EDIT: Ignore me, I'm wrong, there is no such thing as a Quad-Core P4-based Xeon :p

What I would like to point out is that Apple does offer a Quad 3.0 GHz (2 dual-core CPUs = 4 cores total) Xeon that IS faster than the Quad Core 2.5 GHz PowerMac G5.
 
this is gonna sound ignorant... is G5 quad 2.5 two die of 2 cores, or one die of 4 cores?

and i thought that site is compare mere CPU dies, not combination of CPUs?
 
this is gonna sound ignorant... is G5 quad 2.5 two die of 2 cores, or one die of 4 cores?

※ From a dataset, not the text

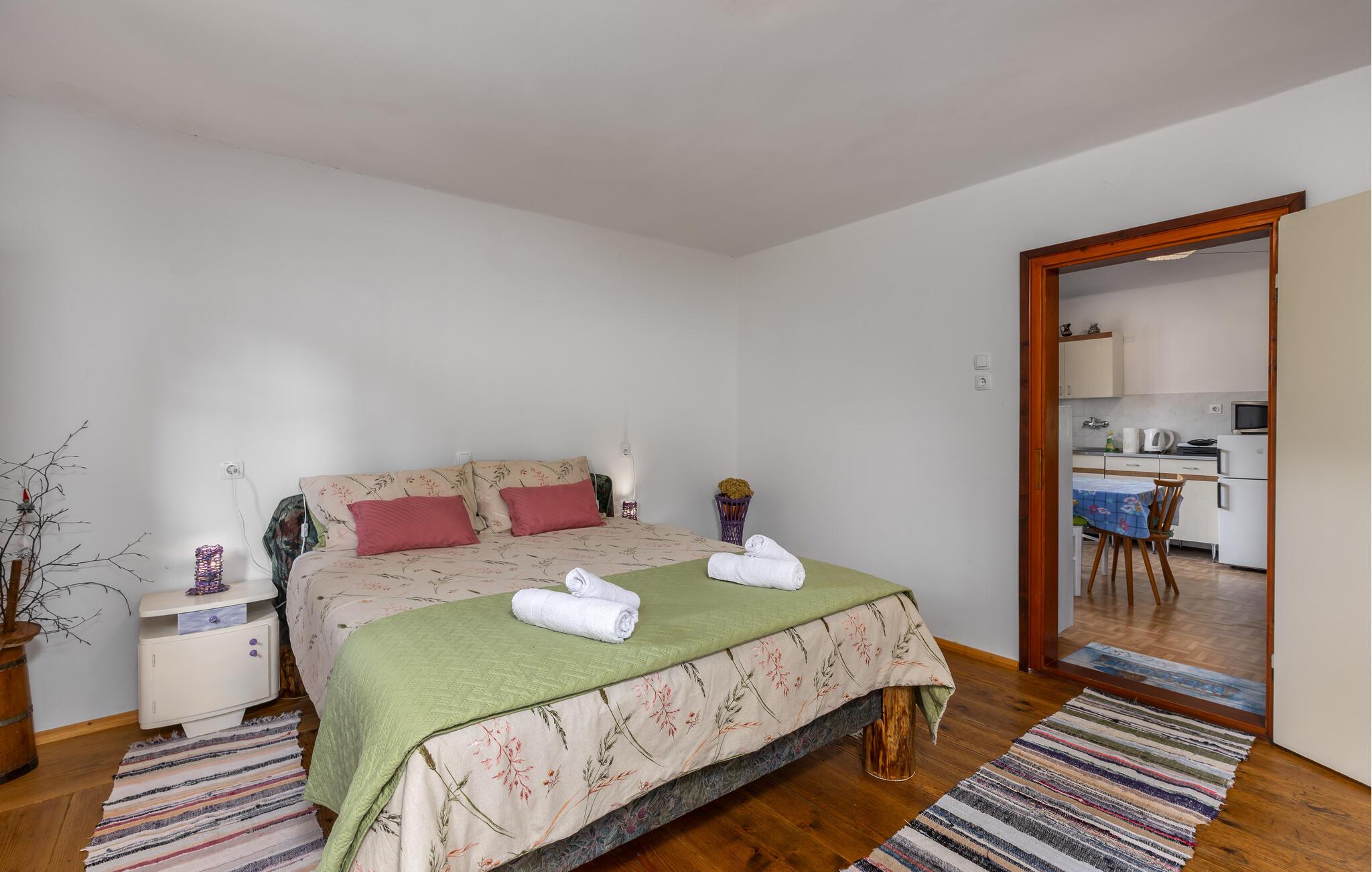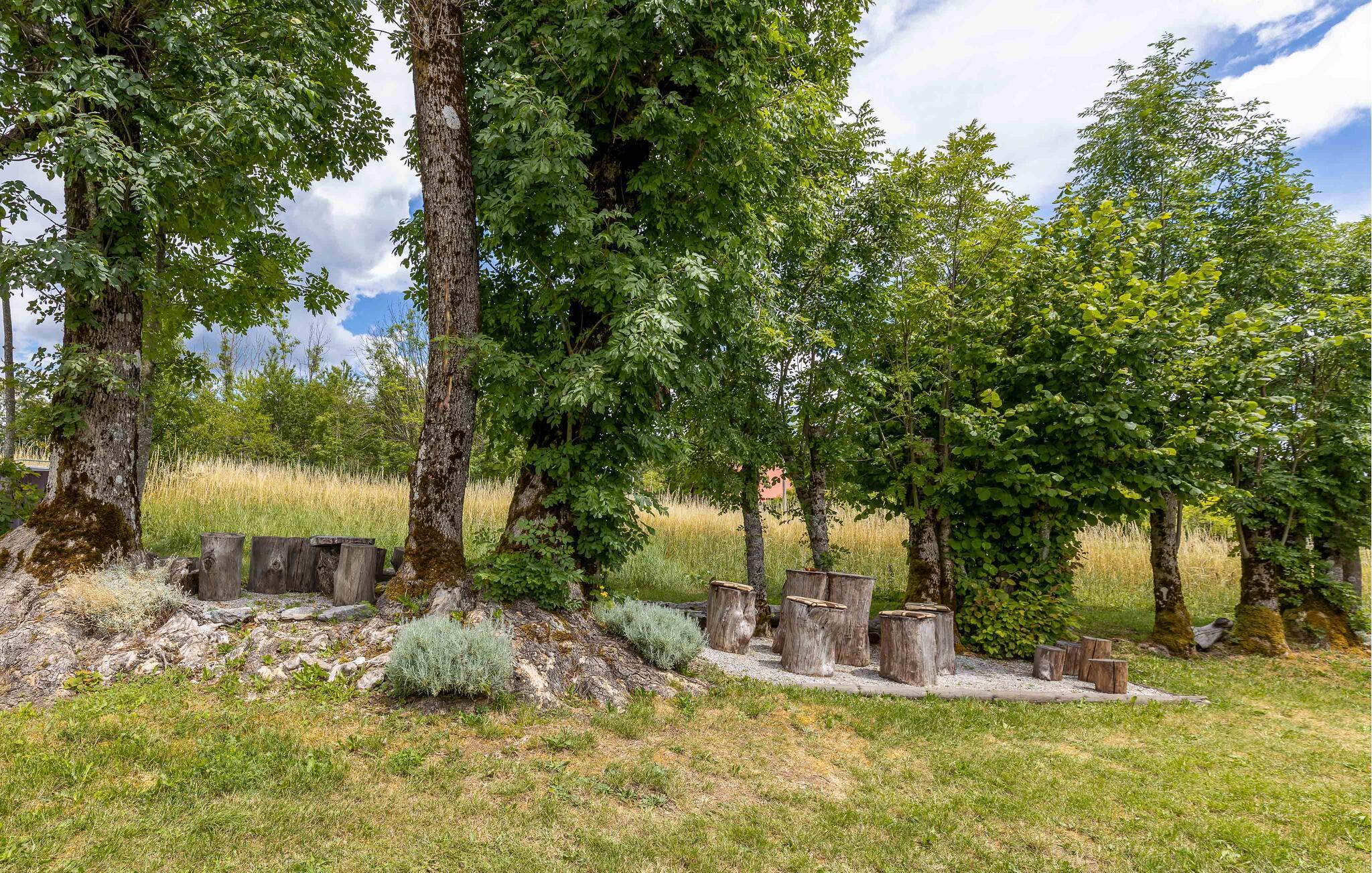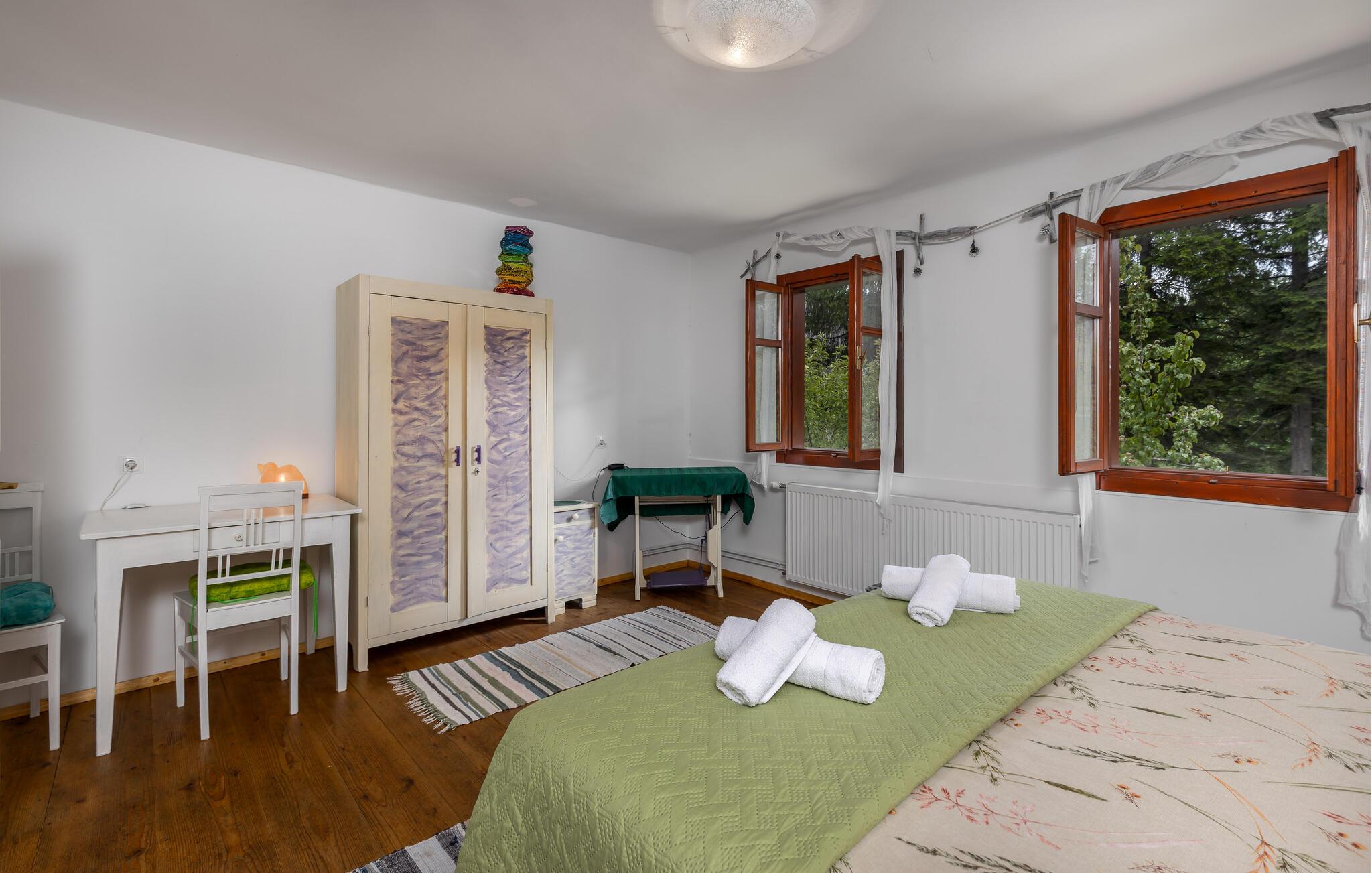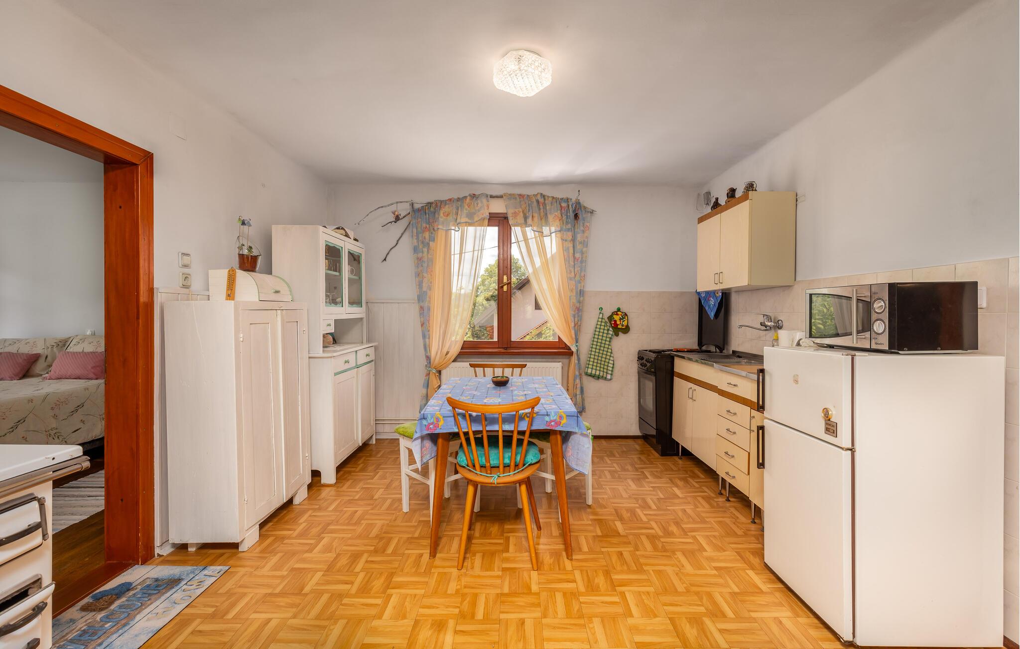 Nyd jeres ferie i dette idyllisk beliggende feriehus. Dette indbydende hus byder jer velkommen med en vellykket blanding af rustik charme og hygge. Træpaneler, synlige træbjælker og en traditionel pejs skaber en atmosfære, der er både hyggelig og nostalgisk. Slap af i sofaen, stream jeres yndlingsserie, eller tilbered et lækkert måltid i det moderne køkken. Den smukke have inviterer jer til at slappe af når som helst på dagen. Gå udenfor om morgenen med en duftende kaffe og nyd naturens ro. Find et roligt sted i træernes skygge og fordyb jer i en god bog. Skænk en kroatisk vin i glasset om aftenen og afslut dagen på en afslappet måde. Udforsk de omkringliggende skove og bjerge på vandreture eller cykelture gennem den uberørte natur i Gorski Kotar. Besøg den nærliggende by Vrbovsko, som vil glæde jer med sine maleriske omgivelser og traditionelle arkitektur. Tag på udflugter til regionens floder og søer, som inviterer jer til at fiske, padle eller blot slappe af. Nyd naturens ro og oplev bjergregionens kulinariske specialiteter i gæstehusene i Ravna Gora og omegn.

and i thought that site is compare mere CPU dies, not combination of CPUs?
Since nobody's made a 1-die 4-core chip yet (both Intel and AMD's quad-core solutions are basically 2 dual-core chips fused together), it's definitely not 1 die 4 cores. Heck, it isn't really 2 dies of 2 cores either, since the dies in question sit in separate sockets on the motherboard. The Mac Pro, incidentally, shares this design trait with the PowerMac G5 (though you wouldn't know it because of the cooling unit).